By now, however, the graffiti were really on the wall. And in 297, one of the most famous names of the north appears in the documentary record – the Picti, the warlike painted people who are still considered one of the great enigmas of early Scotland, with a kingdom which stretched from north of the Firth of Forth to the Moray Firth and beyond ( see Chapter 3).
They are mentioned as playing a key part in the great ‘Barbarian Conspiracy’ which, through accident or design, attacked Roman Britannia simultaneously from all sides in 367; the Angles and Saxons overwhelmed the coastal forts of the south and east, the Gaelic-speaking Scoti from Ireland came sweeping in across the Irish Sea, and the Picti overran Hadrian’s Wall from the north. From then on, the Roman hold on Britannia became more and more tenuous. They appointed three generals in quick succession in an attempt to save the province, and the defences were patched up again. But it was to no lasting avail. The Roman Empire was crumbling, and by 410 the last of the Roman army, along with the Roman administrators, had left Britain’s shores.
A century before they left, however, the Romans had given this enduring name to their main enemies in the north of Scotland: in the year 297 a Roman poet had referred to them as Picti (‘painted ones’). The name stuck, and ‘Picts’ became a generic term for the many ‘Caledonian’ tribes who lived north of the Forth – Clyde line and who thwarted the imperial ambitions of the Romans at their ultimate frontier.
Chapter 3 PICTS, SCOTS, BRITONS, ANGLES AND OTHERS
These people of the northern parts of Scotland, whom the Romans had not been able to subdue, were not one nation, but divided into two, called the Scots and the Picts; they often fought against each other, but they always joined together against the Romans, and the Britons who had been subdued by them.
TALES OF A GRANDFATHER , CHAPTER I
In the western outskirts of Inverness stands a massive hill crag, now engulfed in trees – Craig Phadrig. The summit of this crag was once the site of a great hill-fort, a mighty bastion of the early Pictish kings.

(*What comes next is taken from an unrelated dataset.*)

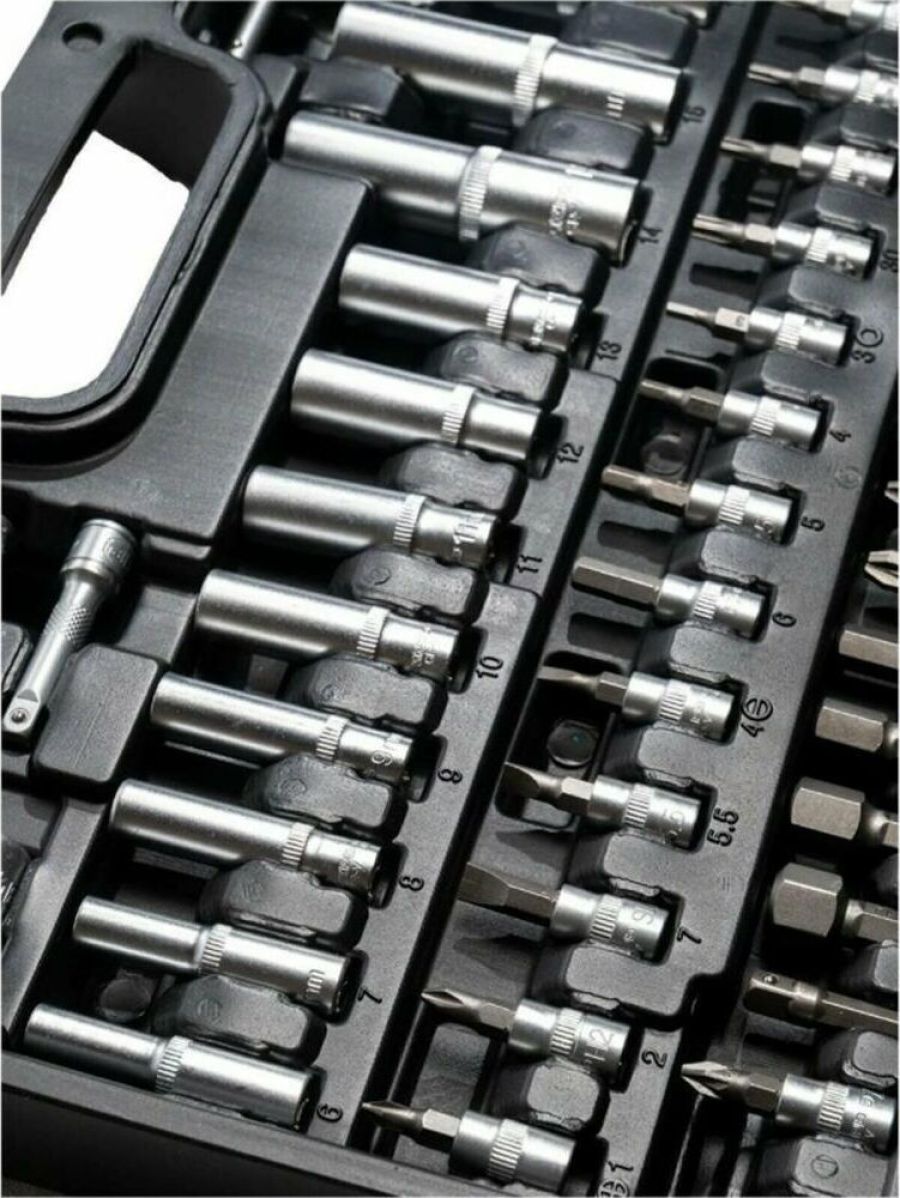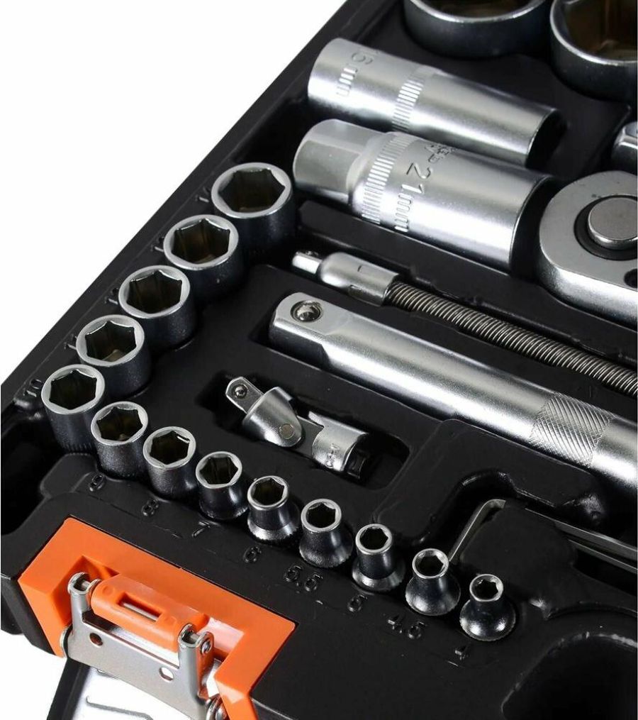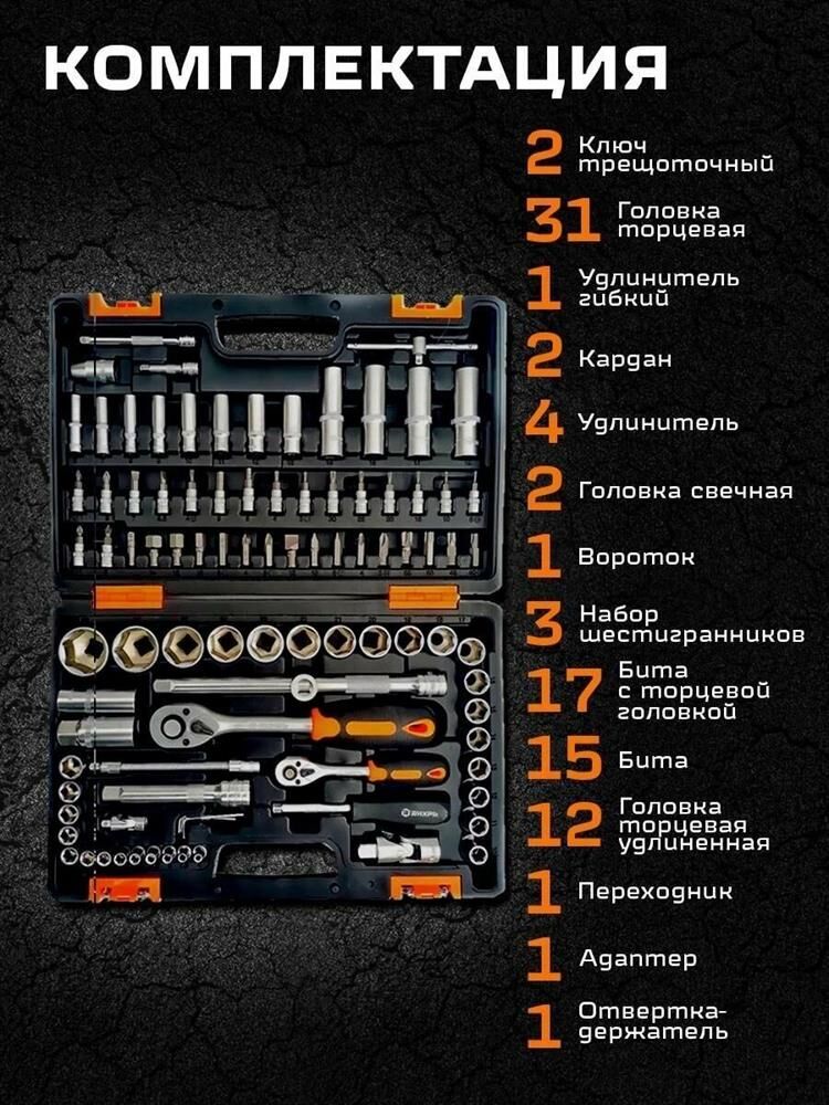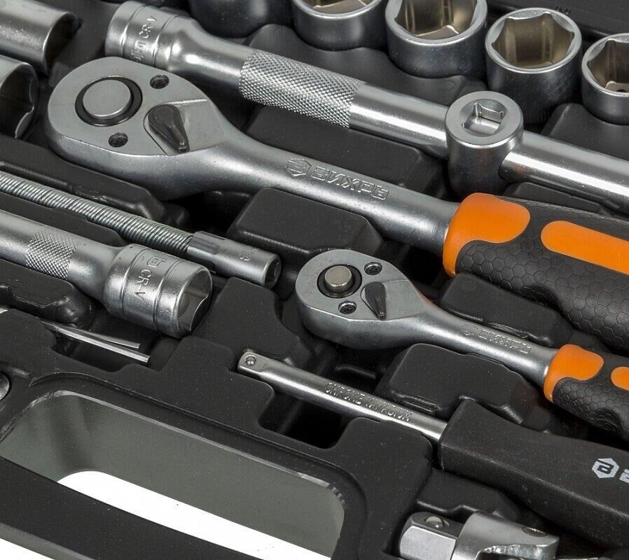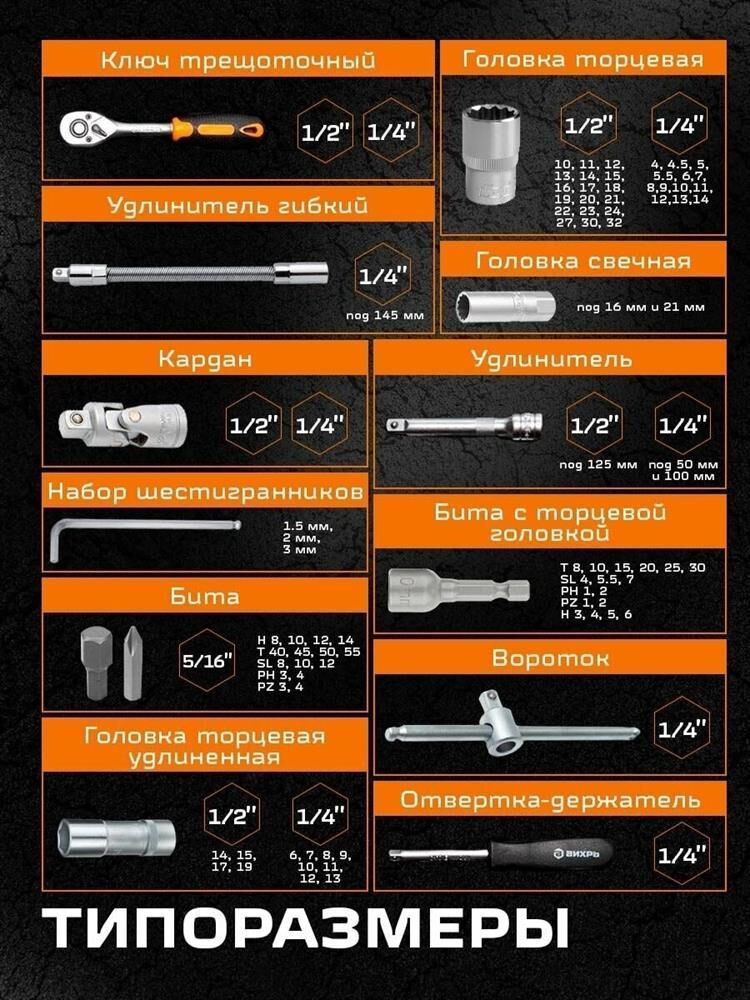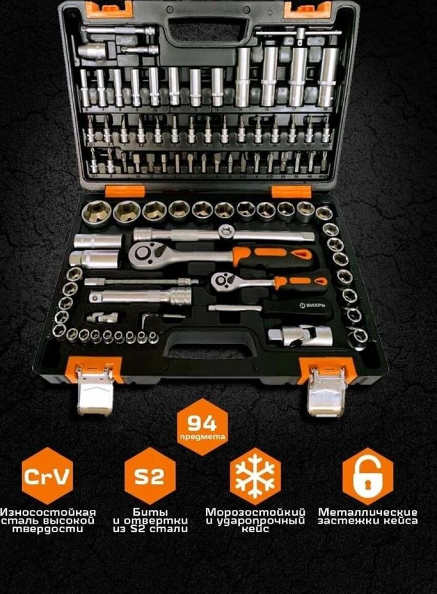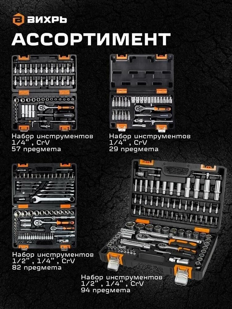 Набор инструментов Вихрь 1/2", 1/4", CrV, пластиковый кейс 94 предмета. Биты Ph; биты Pz; биты SL; биты HX; биты Torx. Ключ трещоточный 1/2"; 1/4". Удлинитель гибкий 1/4" под ключ: 145 мм. Кардан 1/2"; 1/4". Удлинитель 1/2" 125 мм.; 1/4" 50 мм, 100 мм. Головки свечные под ключ 16 мм и 21 мм. Вороток 1/2" и 1/4". Набор шестигранников 1.5 мм, 2 мм, 2.5 мм. Переходник 1/2" четырёхгранника на шестигранник H 5/1.

Not a lot of people know that it is there, or how to find it when they do know. It stands in the Kinmylies district, near Craig Phadrig Hospital; you drive up the steep, dead-end Leachkin Brae, which is not marked as leading to anywhere. Forest Enterprise has provided two woodland walks which meander through the forest at the lower levels of the crag; each has its own car park. To reach the summit of the crag, you use the second (upper) car park and follow the walkway from it. Then you leave its carefully graded surface, take a very deep breath, and embark on a fiercely steep scramble up, and up, and up.